The synthetic data example below shows that the Brand is the most important feature, and that 6.5 inch screen, 200MP camera, 512 GB storage are most influential levels within features.
9. New Product Sales Probability: This section helps predict the purchase probability for new product scenarios, including combinations that were not shown in the original fractional factorial design. For example, your original survey may not have included a phone with the following features:
-
Brand: Nothing
-
Price: $700
-
Screen Size: 6.7 inch
-
Camera: 48 MP
-
Storage: 512 GB
-
Folding: No
-
Battery Life: 3 days
The model can still estimate the probability of purchase for this new combination by using the feature-level effects learned from the survey responses. This output is a model-based probability score for each product profile. A total market sales forecast or revenue forecast can also be calculated if the market size for a given period is known.

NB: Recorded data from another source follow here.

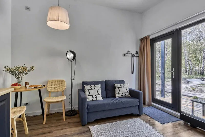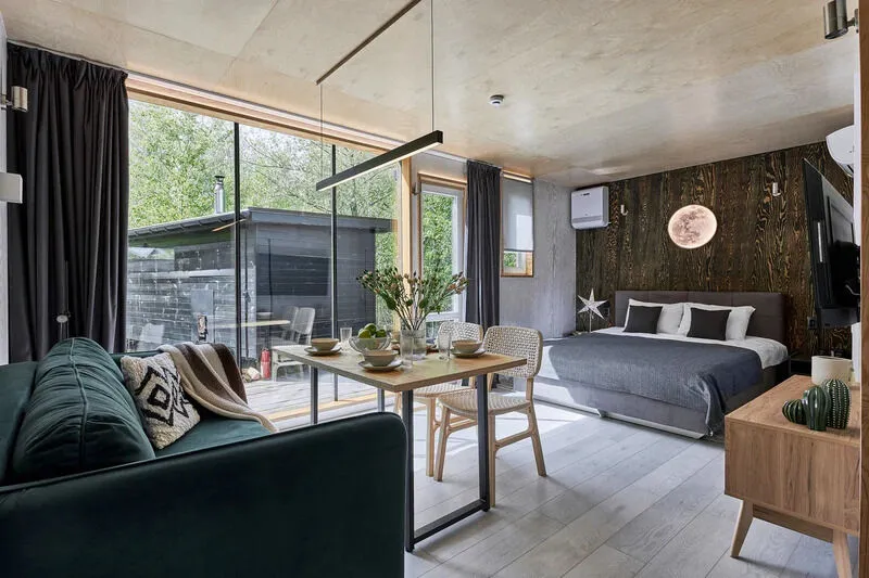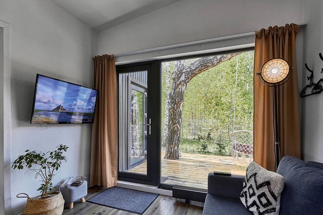 Уютный дом Брауни с панорамными окнами и дизайнерским интерьером в светлых тонах. Полное оснащение домика, комфортное для 4-х человек, своя терраса и много леса кругом.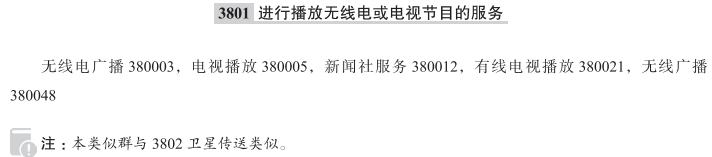 无线电广播380003; 电视播放380005; 新闻社服务380012; 有线电视播放380021; 无线广播380048; 付费电视节目播放; 借助电视播放信息; 播放电视购物节目; 无线电节目广播; 视频播送; 卫星电视广播; 广播设备出租; 有线电视播放服务; 互联网无线电广播服务; 无线电节目播放; 互联网广播服务; 向新闻报道机构传送新闻; 在全球通信网络、互联网和无线网络上同步播放电视; 有线广播服务; 按次付费电视传送服务; 电子传送的新闻社服务; 网络广播服务; 数字音频广播; 音频广播; 电视节目播放; 信息和其他节目的无线电广播; 新闻传送; 通过全球计算机网络播放节目; 有线广播播放; 有线电视节目播放; 通过互联网播放节目;
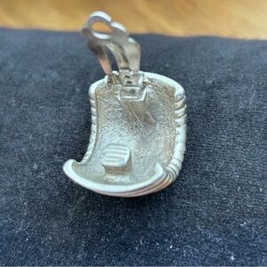 Givenchy Paris New York Earrings Ribbed Half Hoop Silver Tone Chunky Clip On Vtg
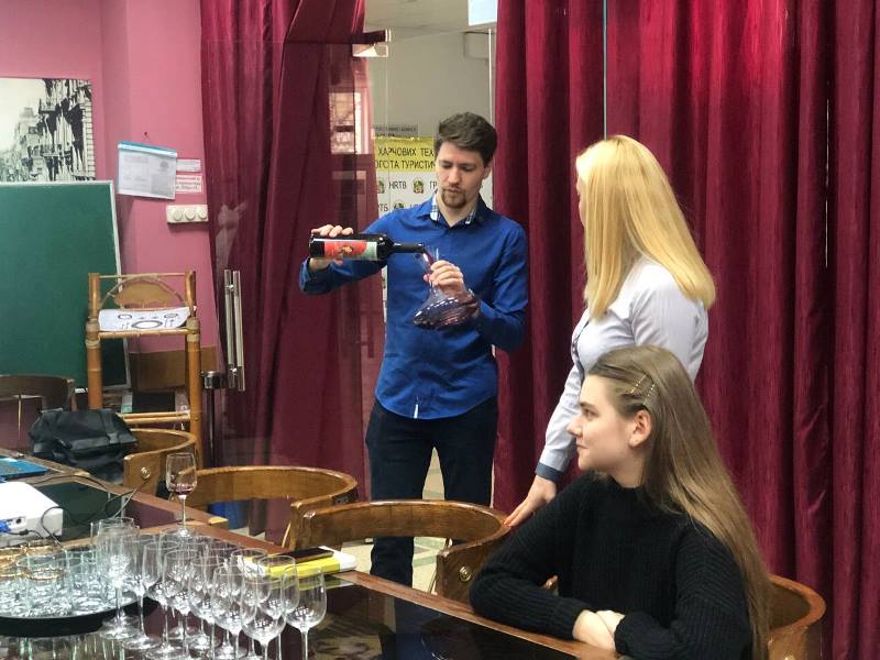 На кафедрі готельно-ресторанної справи в рамках вивчення дисципліни «Барна справа та організація роботи сомельє» відбувся воркшоп-дегустація локальних вин для здобувачів освіти 3 курсу спеціальності 241 «Готельно-ресторанна справа» від професійного сомельє елітного ресторану Catch Seafood Restaurant Ігоря Постоянкіна.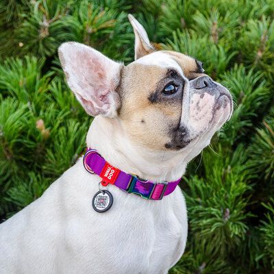 Collare in Nylon riciclato con fibbia cangiante. Taglie: M: circonferenza 24 – 40 cm, spessore 2 cm L: circonferenza 31 – 49 cm, spessore 2,5 cm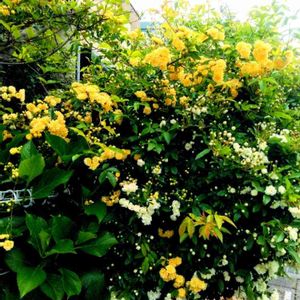 ご近所のお庭の、黄色と白のモッコウバラが、綺麗でした。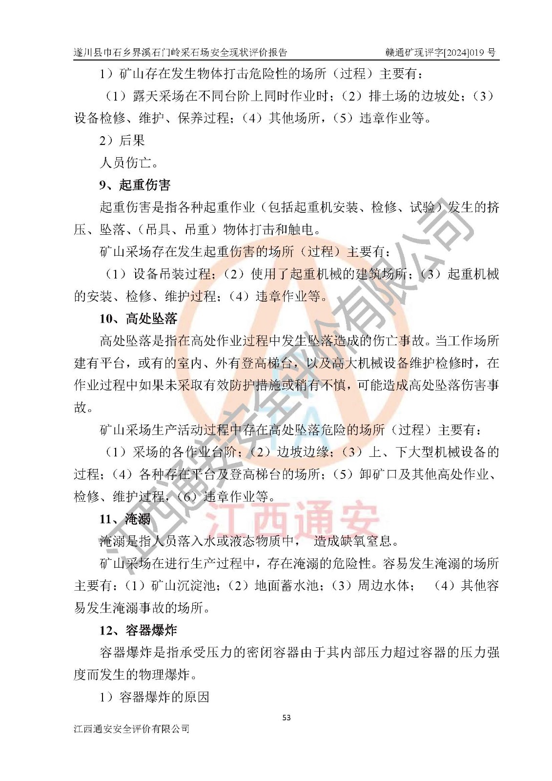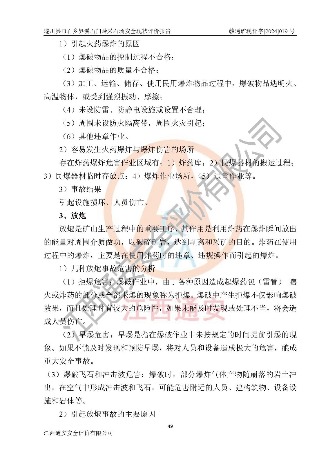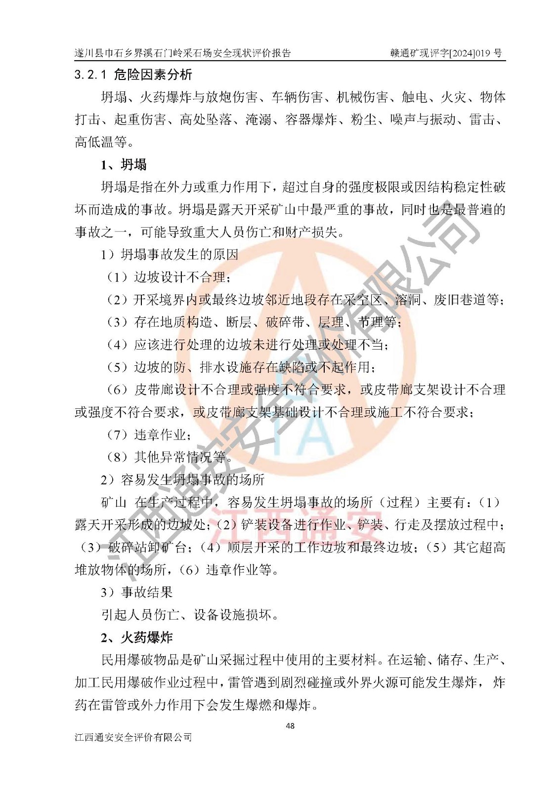 其它 | 1、该评价项目中存在的主要危险因素:火药爆炸、爆破伤害、容器爆炸、触电与雷电、坍塌、机械伤害、**伤害、火灾、高处坠落、物体打击、滑坡、泥石流、淹溺、中毒和窒息等危险有害因素。 2、该评价项目中存在的有害因素包括:粉尘、噪声与振动、不良作业环境,如高温、雷击对矿山人员的伤害和其他不利的环境因素等。 3、该评价项目为非金属露天采石场,无瓦斯和自燃发火危险,矿区范围内及周边无较大水系,矿区水文地质条件简单。该评价项目只是对建筑用砂岩矿进行露天开采,不使用有毒有害危险化学品药剂,该评价项目涉及的危险物品主要为民用爆破器材,根据业主介绍,爆破器材采用配送制。该评价项目使用的压力容器为空压机储气罐,其工作介质为空气,属**性、非易燃介质。综合上述分析,本评价项目不存在重大危险源。 上述主要危险、有害因素在采取本报告第六章中提出的安全对策措施后,能得到**控制。该项目从安全生产角度符合**有关安全生产法律、法规、规章和技术标准的要求。 | ||||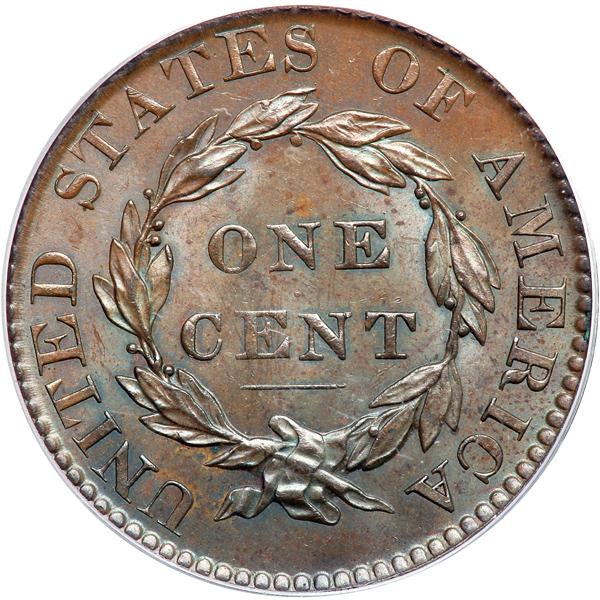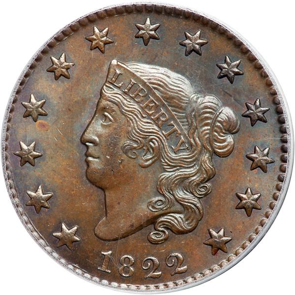 1822 N-10 R2. PCGS graded MS-64 Brown. Lustrous light chocolate brown with overtones of light bluish steel. A small spot of lighter brown toning close under star 4 and a few microscopic ticks on the cheek and in the field right of star 3 are the only marks. Nicely struck MDS with radial lines in most of the stars and the remaining details fully impressed. Portions of the inner circle remain visible at the tips of the obverse dentils and the rim is starting to dish at the top of the reverse. Called MS63 choice and tied for CC#1 in the Noyes census, his photo #35415. Bland says MS60+ and tied for CC#2. Our grade is MS63. Pop 2; Only 3 graded at PCGS for the variety. DWH #3535 (PCGS # 36739) .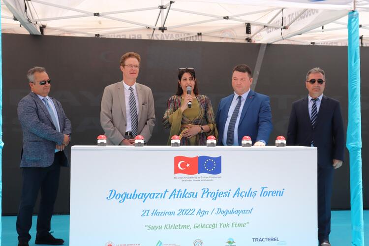 Doğubayazıt Atıksu Projesi kapsamında gerçekleştirilen temel atma töreni, Avrupa Birliği Büyükelçisi ve Avrupa Birliği Türkiye Delegasyonu Başkanı Nikolaus Meyer-Landrut, Doğubayazıt Belediye Başkanı Yıldız Acar, Çevre, Şehircilik ve İklim Değişikliği Bakanlığı AB ve Dış İlişkiler Genel Müdürlüğü AB Yatırımları Dairesi Başkanı Dr. İsmail Raci Bayer’in yanı sıra vatandaşların katılımıyla gerçekleşti.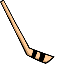Hockey stick, hockey puck, helmet, elbow pads, knee pads and a life jacket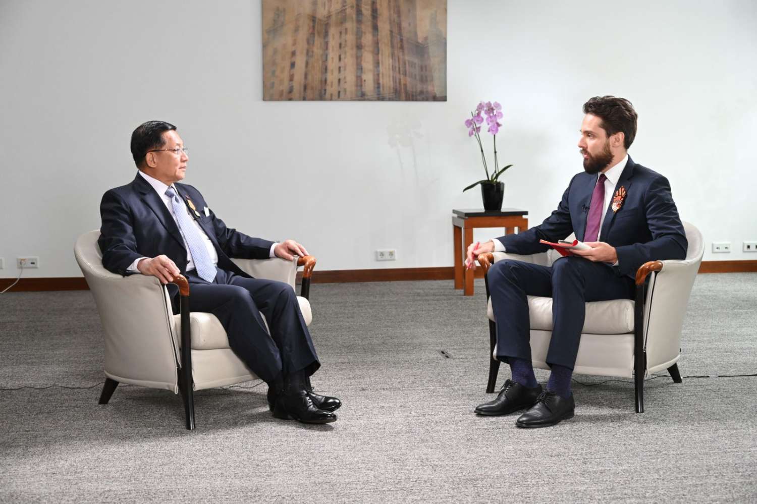 နိုင်ငံတော်စီမံအုပ်ချုပ်ရေးကောင်စီဥက္ကဋ္ဌ နိုင်ငံတော်ဝန်ကြီးချုပ် ဗိုလ်ချုပ်မှူးကြီး မင်းအောင်လှိုင် ရုရှားဖက်ဒရေးရှင်းနိုင်ငံ၊ RT TV Channel နှင့် Krasnaya Zvezda သတင်းစာတို့၏ တွေ့ဆုံမေးမြန်းမှုများအား လက်ခံဖြေကြား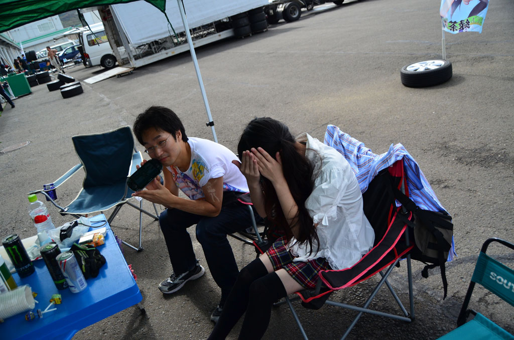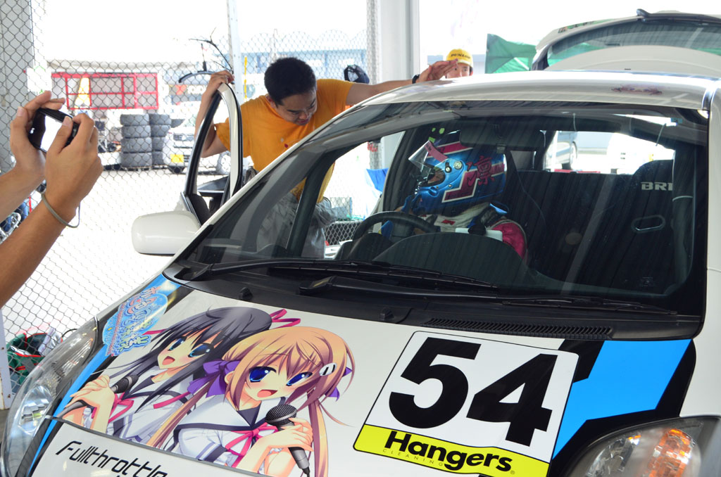 予選出走前に、昨年のSCP10クラスでランキング争いをした岩本さんがピットに遊びにきました。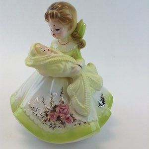 Josef Originals Mother and Baby Rotating Music Box Figurine Plays Brahms Lullaby

Before running Cell 6 of the Jupyter Notebook, the new product specifications must be defined in CSV format in 'Forecasting_Model_Spec.csv'. Please use the template shown below.
The predicted probability shows the relative likelihood that respondents may choose or purchase each product scenario, based on the survey data and the model. A higher probability means that the scenario is more attractive according to the model. For example, if the output shows:
-
Scenario 1: 3.37%
-
Scenario 2: 4.48%
-
Scenario 3: 2.70%
Then Scenario 2 has the highest predicted purchase probability among the tested scenarios.
This does not mean that exactly 4.48% of the entire market will buy the product. It means that, based on the survey responses and the feature-level effects learned by the conjoint model, Scenario 2 is predicted to perform better than the other scenarios tested.